The first annual report, in July 1860, mentioned 112 subscribers and a stock of 168 books. Besides running the library, the Institute had conducted lectures and classes in elementary school subjects such as writing and arithmetic. Rae handed over his office of secretary that year, but he remained a member of the committee until his resignation in February 1861. The Mechanics’ Institute, later renamed the Literary Institute, struggled on until 1873 when it transferred its property to the new Canterbury Public Library.

Rae had by that time left Christchurch. The jury list of 1852 shows him as a labourer, residing at Papanui Road. He later moved to Heathcote Valley and he worked on the construction of the Lyttelton Tunnel, but 1n 1864 the lure of the Wakamarina gold discoveries took him to Marlborough. He failed to make his fortune at the diggings and went to the Grove where he again formed a Mechanic’s Institute.

A fire at the sawmill where he was employed caused Rae to move to Blenheim. Here he worked first at his trade of painter and paperhanger and later as a land and estate agent, insurance agent, and debt collector. He wrote frequently for the Marlborough Express and he struck up a friendship with the editor of the Express, Samuel Johnson.

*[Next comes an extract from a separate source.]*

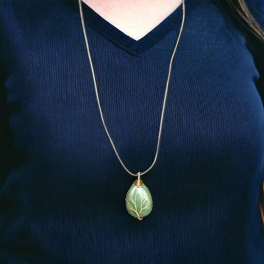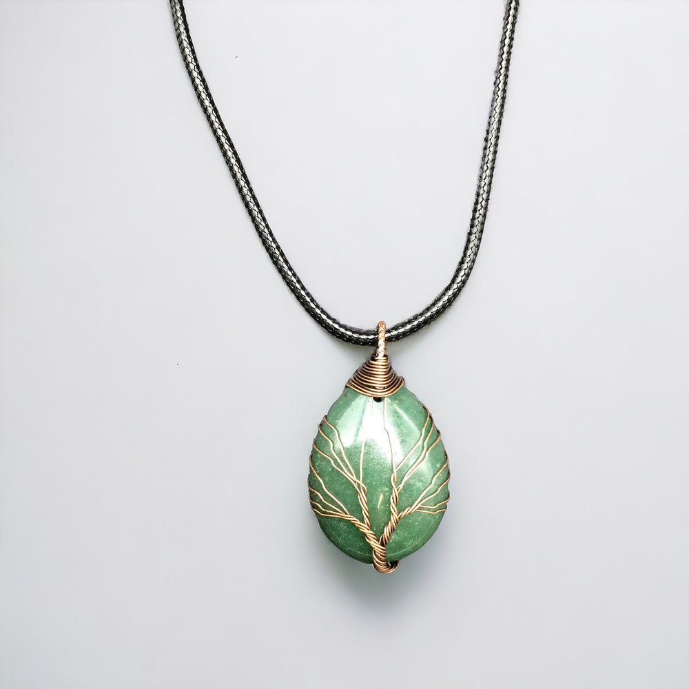 Green Gemstone Pendant Wrapped w/ Copper Tree of Life

Blenheim already had a Literary Institute but it was in the doldrums at the time of Rae’s arrival. In January 1869 Rae was elected secretary, and with Johnson’s help he was able to infuse new life into the Institute. A.M. Hale, in a series of articles in the Marlborough Express in May-June 1958, has given full details of Rae’s and Johnson’s work. “Blenheim”, he wrote,. “never had two like them. They were public spirited and generous to a fault.”

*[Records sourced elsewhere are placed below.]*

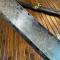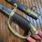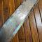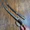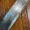 Lame courbe simple tranchant affûtée bien tranchante à pans creux et gouttière, gravée à l'or reste d'or en creux de gravure, la lame ete aussi bleuie mais sans reste, lame forgée à SOLINGEN poinçon de la fleur au dos de lame .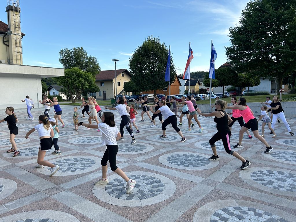 vroče torkovo popoldne dekleta in otroci zaplesali na Občinskem trgu v Horjulu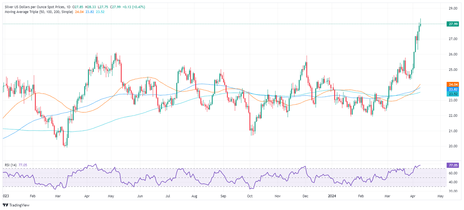 The daily chart suggests that XAG/USD might continue to rally past the $28.00 figure, though the Relative Strength Index (RSI), turning overbought, spurred a pullback. That could be seen as traders booking profits.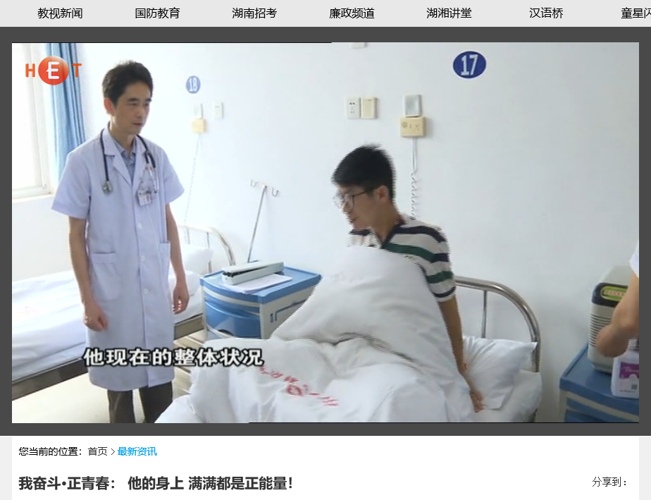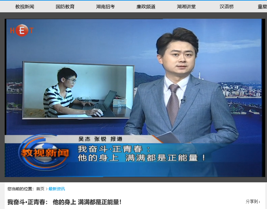 6月10日湖南教育电视台首页最新资讯,以《我奋斗·正青春:用行动丈量生命的厚度》为题对MG冰球官网计算机与通信工程学院15级研究生邹勇松进行了报道。

Rae remained secretary of the Literary Institute for eight years. During this time he founded a museum at Blenheim, helped to form a Men’s Debating Society and in 1877-78, also served on the Blenheim Borough Council.

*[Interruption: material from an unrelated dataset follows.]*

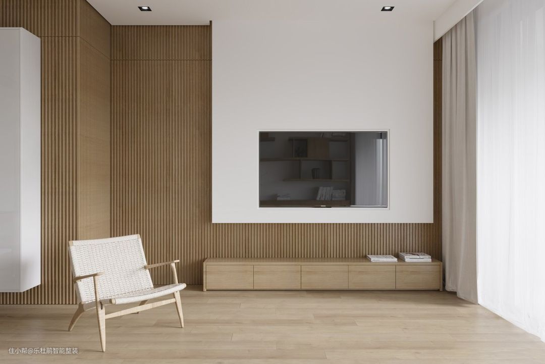 客厅采用木色为空间主打基础色,以浅灰色和白色为辅助色。严谨安静的色彩,让空间展现出优雅干净之态颇有东方禅思禅韵。

In 1980, Rae returned to Christchurch. H.G. Ell, who came to know him well in the eighties, described him as “a man well advanced in years wearing a short white beard. He was lame, but brimful of energy. He poured letters unceasingly into the columns of the daily papers advocating reforms and attacking those who resisted them. For some little time he conducted a Radical paper called The Age”.

To Christchurch Rae was active in the Free Thought Association and in the Working Men’s Political Association whom he represented at the Trades and Labour Congress in Dunedin in 1885. In the latter year there was a Russian War scare and the Government took advantage of Rae’s naval experience and put him in charge of the military stores at Lyttelton.

In 1889, Rae became president of the Christchurch Knights of Labour and branch secretary of the new Amalgamated Society of Railway Servants. He was nominated for Parliament in the 1890 elections but he stood down to avoid a split in the Liberals. The new Liberal Government, according to a newspaper report decided to recognise his services by offering him his seat in the Legislative Council but failing health and increasing age prevented the appointment.

Late in 1892, Rae left Christchurch for Otahuhu to live with his son, a well-known horse trainer. Another son, Arthur, had in 1890, been elected to the New South Wales Parliament on the Labour ticket and later became a Senator in the Commonwealth Parliament. From Otahuhu, Rae contributed occasionally to the Auckland press. He died in February 1894, at the age of 73.

The Auckland Star, in an obituary notice, referred to Rae as “one of the most prominent and staunch Liberals of New Zealand”, while the New Zealand Times commented that he was “a man rare in these times, in as much as he had the courage of his opinions. His honesty of purpose and fearlessness of his advocacy, together with his courtesy to his opponents were a good example, the memory of which will make for good in the country he loved so well.”